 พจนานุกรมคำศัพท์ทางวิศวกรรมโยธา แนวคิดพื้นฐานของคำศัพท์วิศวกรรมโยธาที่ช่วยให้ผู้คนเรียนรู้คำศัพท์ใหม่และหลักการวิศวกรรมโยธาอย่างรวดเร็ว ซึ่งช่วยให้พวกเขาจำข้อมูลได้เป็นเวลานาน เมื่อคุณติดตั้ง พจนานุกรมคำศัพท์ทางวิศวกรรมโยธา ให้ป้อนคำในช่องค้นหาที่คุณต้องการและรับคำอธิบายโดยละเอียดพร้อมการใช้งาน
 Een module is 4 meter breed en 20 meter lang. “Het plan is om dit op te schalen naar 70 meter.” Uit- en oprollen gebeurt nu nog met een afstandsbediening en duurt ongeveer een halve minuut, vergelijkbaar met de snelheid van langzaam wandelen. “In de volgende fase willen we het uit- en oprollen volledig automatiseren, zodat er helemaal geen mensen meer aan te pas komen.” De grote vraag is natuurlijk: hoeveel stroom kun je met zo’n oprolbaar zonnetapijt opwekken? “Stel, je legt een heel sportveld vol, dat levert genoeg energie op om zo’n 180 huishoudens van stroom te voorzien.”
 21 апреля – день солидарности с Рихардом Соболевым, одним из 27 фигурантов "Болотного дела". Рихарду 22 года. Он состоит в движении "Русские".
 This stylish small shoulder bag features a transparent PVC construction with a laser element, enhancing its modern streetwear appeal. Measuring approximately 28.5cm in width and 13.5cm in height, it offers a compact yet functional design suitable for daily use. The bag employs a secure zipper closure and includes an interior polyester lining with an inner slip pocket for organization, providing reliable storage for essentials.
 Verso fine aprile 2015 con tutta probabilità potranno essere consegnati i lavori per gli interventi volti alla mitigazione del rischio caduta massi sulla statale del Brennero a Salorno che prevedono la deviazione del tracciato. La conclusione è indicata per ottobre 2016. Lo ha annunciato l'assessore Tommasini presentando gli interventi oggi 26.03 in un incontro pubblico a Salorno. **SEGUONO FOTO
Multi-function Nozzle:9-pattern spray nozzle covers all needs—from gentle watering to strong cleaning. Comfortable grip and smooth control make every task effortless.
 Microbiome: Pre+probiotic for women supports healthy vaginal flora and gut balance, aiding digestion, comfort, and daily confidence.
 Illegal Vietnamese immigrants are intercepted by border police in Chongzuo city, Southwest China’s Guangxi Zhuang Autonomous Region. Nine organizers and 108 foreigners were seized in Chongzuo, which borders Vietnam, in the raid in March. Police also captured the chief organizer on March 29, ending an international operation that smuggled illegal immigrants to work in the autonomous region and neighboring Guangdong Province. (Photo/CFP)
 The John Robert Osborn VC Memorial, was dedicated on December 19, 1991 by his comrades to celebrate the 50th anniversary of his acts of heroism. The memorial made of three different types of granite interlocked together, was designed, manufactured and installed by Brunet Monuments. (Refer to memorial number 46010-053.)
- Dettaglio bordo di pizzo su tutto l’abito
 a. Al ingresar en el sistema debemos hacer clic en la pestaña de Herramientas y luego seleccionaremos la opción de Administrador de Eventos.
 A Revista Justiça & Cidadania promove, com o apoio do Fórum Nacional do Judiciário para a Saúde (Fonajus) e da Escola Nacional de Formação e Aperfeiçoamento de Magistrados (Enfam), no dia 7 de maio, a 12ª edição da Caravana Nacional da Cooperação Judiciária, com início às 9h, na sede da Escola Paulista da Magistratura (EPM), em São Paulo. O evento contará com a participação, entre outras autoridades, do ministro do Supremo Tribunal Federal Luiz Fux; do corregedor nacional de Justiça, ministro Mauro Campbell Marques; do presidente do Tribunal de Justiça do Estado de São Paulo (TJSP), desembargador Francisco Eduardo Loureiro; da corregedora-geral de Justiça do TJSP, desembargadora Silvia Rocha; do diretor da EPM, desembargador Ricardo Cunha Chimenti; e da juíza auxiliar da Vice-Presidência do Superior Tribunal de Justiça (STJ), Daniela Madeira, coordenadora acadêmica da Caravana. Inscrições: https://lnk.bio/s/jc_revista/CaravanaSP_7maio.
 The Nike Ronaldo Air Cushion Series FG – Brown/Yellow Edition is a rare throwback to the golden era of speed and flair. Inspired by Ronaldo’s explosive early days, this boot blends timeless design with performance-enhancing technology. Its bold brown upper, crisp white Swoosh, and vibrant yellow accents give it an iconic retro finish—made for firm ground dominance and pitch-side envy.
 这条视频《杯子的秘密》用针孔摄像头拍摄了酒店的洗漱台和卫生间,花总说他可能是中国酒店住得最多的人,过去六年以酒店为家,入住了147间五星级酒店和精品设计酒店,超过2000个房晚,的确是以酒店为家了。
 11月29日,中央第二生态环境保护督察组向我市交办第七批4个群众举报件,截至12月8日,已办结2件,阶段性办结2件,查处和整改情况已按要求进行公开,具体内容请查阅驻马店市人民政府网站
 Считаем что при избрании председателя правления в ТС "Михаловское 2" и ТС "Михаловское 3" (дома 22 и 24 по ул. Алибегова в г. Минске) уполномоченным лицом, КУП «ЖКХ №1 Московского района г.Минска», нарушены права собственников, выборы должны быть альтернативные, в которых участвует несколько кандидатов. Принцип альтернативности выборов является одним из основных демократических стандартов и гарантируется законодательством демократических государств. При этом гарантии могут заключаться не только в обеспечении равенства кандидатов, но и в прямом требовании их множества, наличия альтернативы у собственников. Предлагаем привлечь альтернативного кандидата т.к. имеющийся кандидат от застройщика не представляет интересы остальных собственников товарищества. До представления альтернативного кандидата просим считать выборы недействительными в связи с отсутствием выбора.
——————————
* _What this task involves_
Reproduce the entries exactly as they appear.

* _Written answer_
 พจนานุกรมคำศัพท์ทางวิศวกรรมโยธา แนวคิดพื้นฐานของคำศัพท์วิศวกรรมโยธาที่ช่วยให้ผู้คนเรียนรู้คำศัพท์ใหม่และหลักการวิศวกรรมโยธาอย่างรวดเร็ว ซึ่งช่วยให้พวกเขาจำข้อมูลได้เป็นเวลานาน เมื่อคุณติดตั้ง พจนานุกรมคำศัพท์ทางวิศวกรรมโยธา ให้ป้อนคำในช่องค้นหาที่คุณต้องการและรับคำอธิบายโดยละเอียดพร้อมการใช้งาน
 Een module is 4 meter breed en 20 meter lang. “Het plan is om dit op te schalen naar 70 meter.” Uit- en oprollen gebeurt nu nog met een afstandsbediening en duurt ongeveer een halve minuut, vergelijkbaar met de snelheid van langzaam wandelen. “In de volgende fase willen we het uit- en oprollen volledig automatiseren, zodat er helemaal geen mensen meer aan te pas komen.” De grote vraag is natuurlijk: hoeveel stroom kun je met zo’n oprolbaar zonnetapijt opwekken? “Stel, je legt een heel sportveld vol, dat levert genoeg energie op om zo’n 180 huishoudens van stroom te voorzien.”
 21 апреля – день солидарности с Рихардом Соболевым, одним из 27 фигурантов "Болотного дела". Рихарду 22 года. Он состоит в движении "Русские".
 This stylish small shoulder bag features a transparent PVC construction with a laser element, enhancing its modern streetwear appeal. Measuring approximately 28.5cm in width and 13.5cm in height, it offers a compact yet functional design suitable for daily use. The bag employs a secure zipper closure and includes an interior polyester lining with an inner slip pocket for organization, providing reliable storage for essentials.
 Verso fine aprile 2015 con tutta probabilità potranno essere consegnati i lavori per gli interventi volti alla mitigazione del rischio caduta massi sulla statale del Brennero a Salorno che prevedono la deviazione del tracciato. La conclusione è indicata per ottobre 2016. Lo ha annunciato l'assessore Tommasini presentando gli interventi oggi 26.03 in un incontro pubblico a Salorno. **SEGUONO FOTO
Multi-function Nozzle:9-pattern spray nozzle covers all needs—from gentle watering to strong cleaning. Comfortable grip and smooth control make every task effortless.
 Microbiome: Pre+probiotic for women supports healthy vaginal flora and gut balance, aiding digestion, comfort, and daily confidence.
 Illegal Vietnamese immigrants are intercepted by border police in Chongzuo city, Southwest China’s Guangxi Zhuang Autonomous Region. Nine organizers and 108 foreigners were seized in Chongzuo, which borders Vietnam, in the raid in March. Police also captured the chief organizer on March 29, ending an international operation that smuggled illegal immigrants to work in the autonomous region and neighboring Guangdong Province. (Photo/CFP)
 The John Robert Osborn VC Memorial, was dedicated on December 19, 1991 by his comrades to celebrate the 50th anniversary of his acts of heroism. The memorial made of three different types of granite interlocked together, was designed, manufactured and installed by Brunet Monuments. (Refer to memorial number 46010-053.)
- Dettaglio bordo di pizzo su tutto l’abito
 a. Al ingresar en el sistema debemos hacer clic en la pestaña de Herramientas y luego seleccionaremos la opción de Administrador de Eventos.
 A Revista Justiça & Cidadania promove, com o apoio do Fórum Nacional do Judiciário para a Saúde (Fonajus) e da Escola Nacional de Formação e Aperfeiçoamento de Magistrados (Enfam), no dia 7 de maio, a 12ª edição da Caravana Nacional da Cooperação Judiciária, com início às 9h, na sede da Escola Paulista da Magistratura (EPM), em São Paulo. O evento contará com a participação, entre outras autoridades, do ministro do Supremo Tribunal Federal Luiz Fux; do corregedor nacional de Justiça, ministro Mauro Campbell Marques; do presidente do Tribunal de Justiça do Estado de São Paulo (TJSP), desembargador Francisco Eduardo Loureiro; da corregedora-geral de Justiça do TJSP, desembargadora Silvia Rocha; do diretor da EPM, desembargador Ricardo Cunha Chimenti; e da juíza auxiliar da Vice-Presidência do Superior Tribunal de Justiça (STJ), Daniela Madeira, coordenadora acadêmica da Caravana. Inscrições: https://lnk.bio/s/jc_revista/CaravanaSP_7maio.
 The Nike Ronaldo Air Cushion Series FG – Brown/Yellow Edition is a rare throwback to the golden era of speed and flair. Inspired by Ronaldo’s explosive early days, this boot blends timeless design with performance-enhancing technology. Its bold brown upper, crisp white Swoosh, and vibrant yellow accents give it an iconic retro finish—made for firm ground dominance and pitch-side envy.
 这条视频《杯子的秘密》用针孔摄像头拍摄了酒店的洗漱台和卫生间,花总说他可能是中国酒店住得最多的人,过去六年以酒店为家,入住了147间五星级酒店和精品设计酒店,超过2000个房晚,的确是以酒店为家了。
 11月29日,中央第二生态环境保护督察组向我市交办第七批4个群众举报件,截至12月8日,已办结2件,阶段性办结2件,查处和整改情况已按要求进行公开,具体内容请查阅驻马店市人民政府网站
 Считаем что при избрании председателя правления в ТС "Михаловское 2" и ТС "Михаловское 3" (дома 22 и 24 по ул. Алибегова в г. Минске) уполномоченным лицом, КУП «ЖКХ №1 Московского района г.Минска», нарушены права собственников, выборы должны быть альтернативные, в которых участвует несколько кандидатов. Принцип альтернативности выборов является одним из основных демократических стандартов и гарантируется законодательством демократических государств. При этом гарантии могут заключаться не только в обеспечении равенства кандидатов, но и в прямом требовании их множества, наличия альтернативы у собственников. Предлагаем привлечь альтернативного кандидата т.к. имеющийся кандидат от застройщика не представляет интересы остальных собственников товарищества. До представления альтернативного кандидата просим считать выборы недействительными в связи с отсутствием выбора.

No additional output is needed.